• [Task goal]: For every entry, reproduce the wording exactly and omit any image it holds.

++++ Materials provided ++++

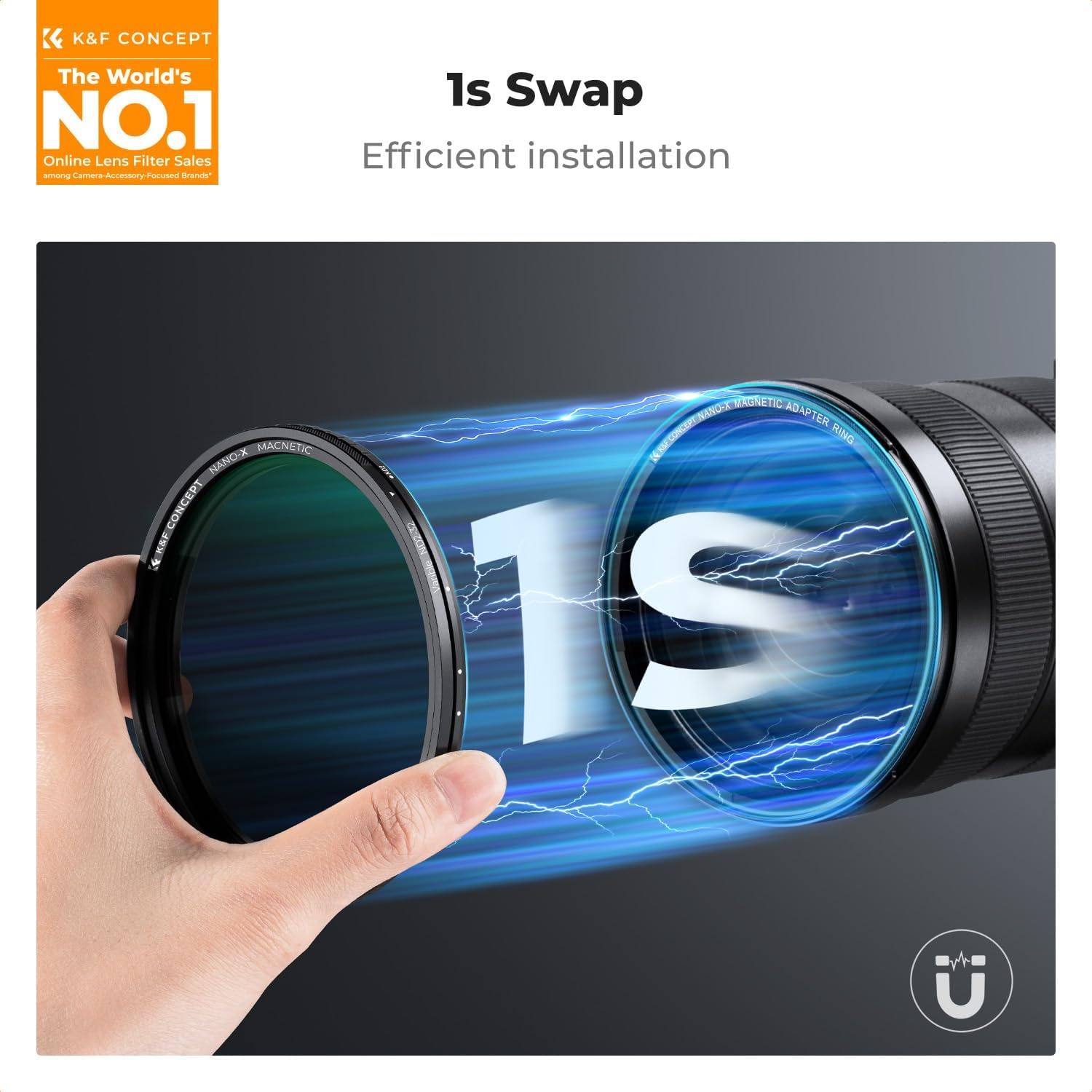 - 【磁気1秒交換】磁気テクノロジーを採用したこの磁気可変ND2-ND32フィルターは、最初にレンズに磁気フィルターアダプターリングを取り付け、その後フィルターを1秒で吸収でき、従来のスレッドフィルター (6s)よりも速く取り付けられます。
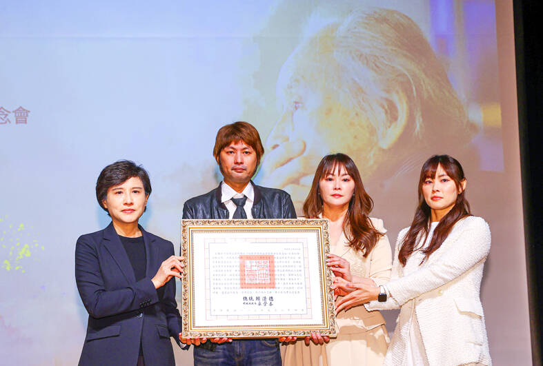 At a memorial in New Taipei City, Tsai’s three children accepted the citation from Vice Premier Cheng Li-chiun (鄭麗君).
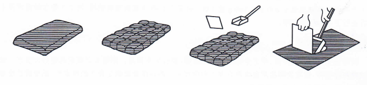 4.2.4棋盤法:適用于鋸屑和其他能用鏟勺處理的小顆粒樣品。將全部樣品置于清潔并堅(jiān)硬的表面上并用鏟勺混勻。用鏟勺將樣品散布成長方形堆,堆的厚度不超過物料標(biāo)稱最大粒度的3倍,用鏟勺在長方形堆的表面上輕輕劃線,分割出不少于20個(gè)部分。用鏟勺和擋板從20個(gè)部分中的每一部分取子樣,每次取樣鏟勺都插入到堆的底部。結(jié)合子樣到所需量的試樣。
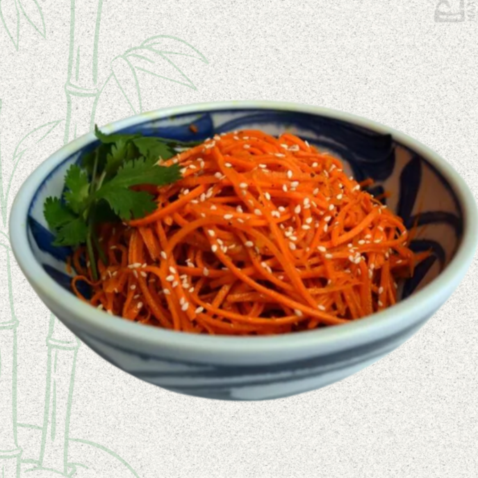 Finas tiras de zanahoria fresca salteadas rápidamente a fuego alto para resaltar su dulzor natural y mantener una textura firme y crujiente. Aliñadas con aceite de sésamo tostado.
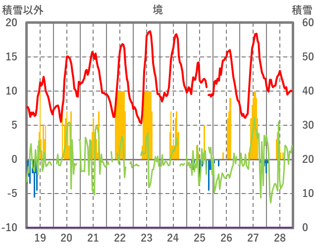 | 日 | 時 | 気温 | 降水 | 風向/風速 | 日照 | 積雪 | 降雪 |

++++

• [Output for this exercise]:
 - 【磁気1秒交換】磁気テクノロジーを採用したこの磁気可変ND2-ND32フィルターは、最初にレンズに磁気フィルターアダプターリングを取り付け、その後フィルターを1秒で吸収でき、従来のスレッドフィルター (6s)よりも速く取り付けられます。
 At a memorial in New Taipei City, Tsai’s three children accepted the citation from Vice Premier Cheng Li-chiun (鄭麗君).
 4.2.4棋盤法:適用于鋸屑和其他能用鏟勺處理的小顆粒樣品。將全部樣品置于清潔并堅(jiān)硬的表面上并用鏟勺混勻。用鏟勺將樣品散布成長方形堆,堆的厚度不超過物料標(biāo)稱最大粒度的3倍,用鏟勺在長方形堆的表面上輕輕劃線,分割出不少于20個(gè)部分。用鏟勺和擋板從20個(gè)部分中的每一部分取子樣,每次取樣鏟勺都插入到堆的底部。結(jié)合子樣到所需量的試樣。
 Finas tiras de zanahoria fresca salteadas rápidamente a fuego alto para resaltar su dulzor natural y mantener una textura firme y crujiente. Aliñadas con aceite de sésamo tostado.
 | 日 | 時 | 気温 | 降水 | 風向/風速 | 日照 | 積雪 | 降雪 |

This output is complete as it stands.